A total of 273 eligible patients (251 male and 22 female, age ranged from 15 to 78 years, mean age: 40.8 ± 10.9 years) were recruited, and 101 patients had evidence of liver cirrhosis. Of those patients with HBV-ACLF, the most common complication was ascites (249 patients; 91.2%), followed by HE (102 patients; 37.4%), and HRS (84 patients; 30.8%). The overall 3-month mortality was 55.7% (152/273), and the majority of them died of the complications of ACLF such as HE, upper gastrointestinal bleeding, hepatorenal syndrome (HRS) and multi-organ failure, etc. The morality rate of HBV-ACLF patients with liver cirrhosis (60.4%) was higher than that of the HBV-ACLF patients without liver cirrhosis (52.9%), however there was no significant difference (p > 0.05).

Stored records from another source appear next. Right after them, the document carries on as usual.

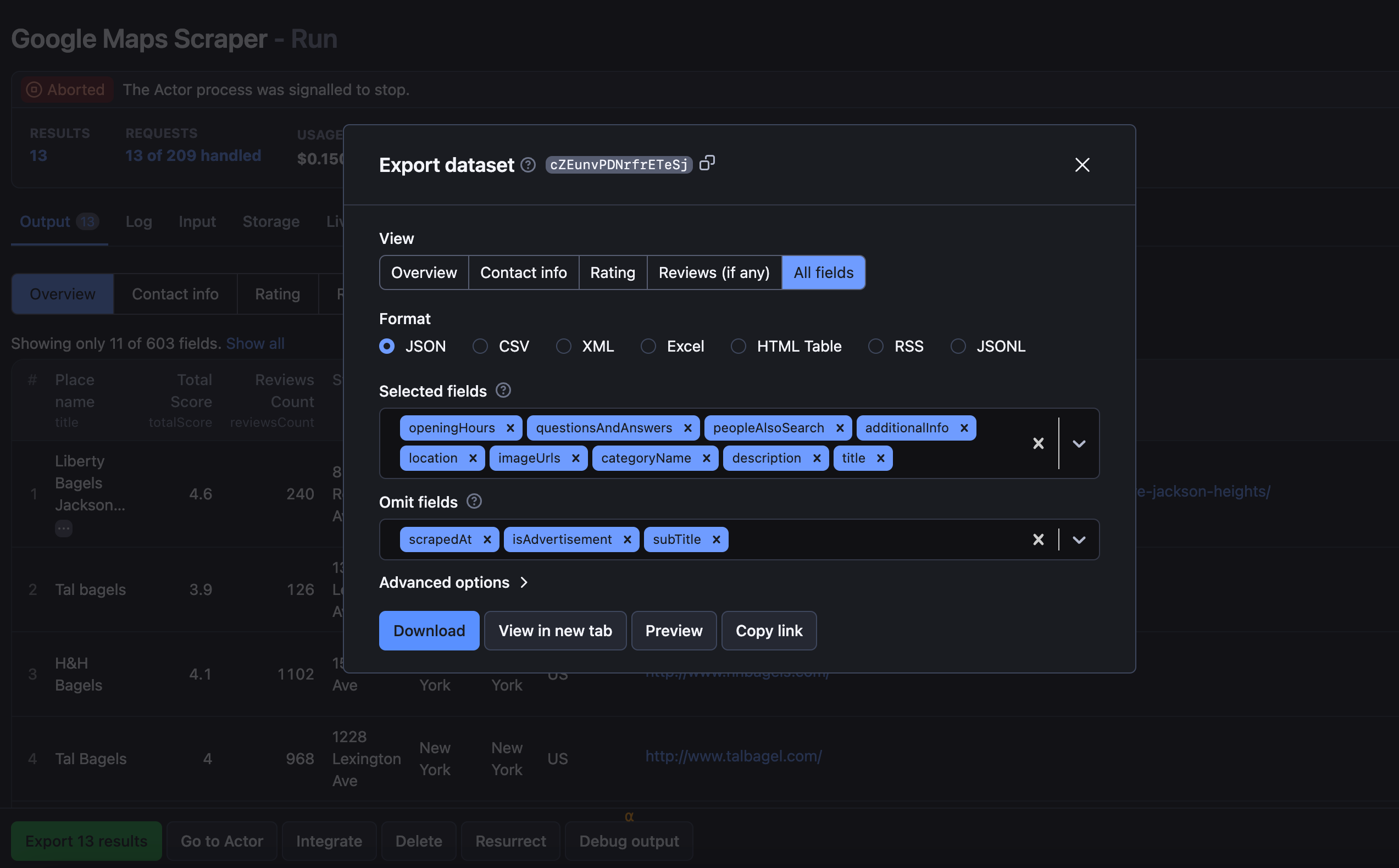 To preview and download the dataset, move over to the Storage tab or click on the Export button. It will contain your scraped data in various formats, including HTML table, JSON, CSV, Excel, XML, and RSS feed. Besides the format, you can also choose which part of the dataset you want to download: all data, rating, contact info or reviews, or even which specific fields to keep or get rid of.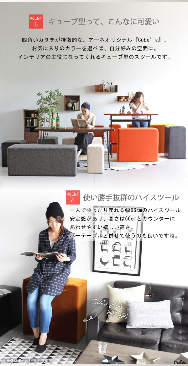 ハイスツール バースツール バーチェア シンプル カウンタースツール カウンターチェア スツール アンティーク ベロア Cube’s H66 □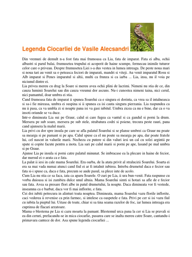 Eve Legenda Ciocarliei De Vasile Alecsandri Din Vremuri Facebook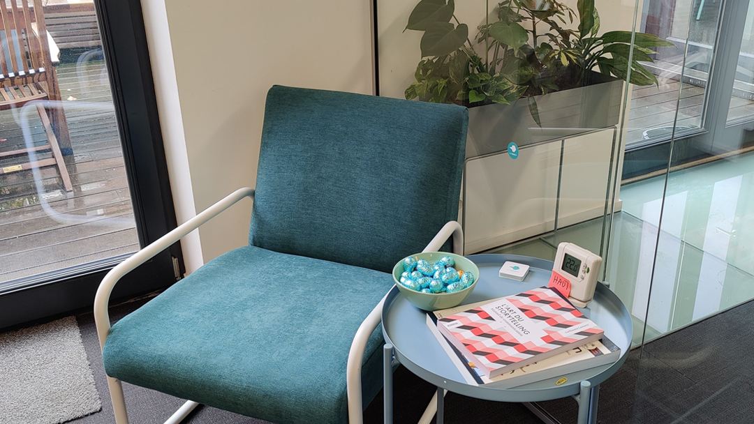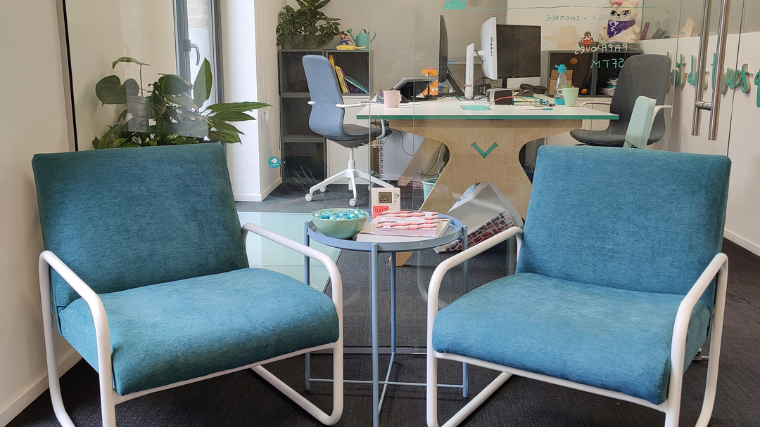 Deux fauteuils restaurés pour créer un petit coin cosy à l’entrée du bureau.

Clinical and biochemical characteristics of the 273 eligible patients subdivided according to 3-month survival

The patients were further divided into the survival and death groups according to the 3-month follow up results. The characteristics of the patients who survived and who died are shown in table 3.

Table 3.

Clinical and biochemical characteristics of the 273 HBV-ACLF patients subdivided according to 3-month survival.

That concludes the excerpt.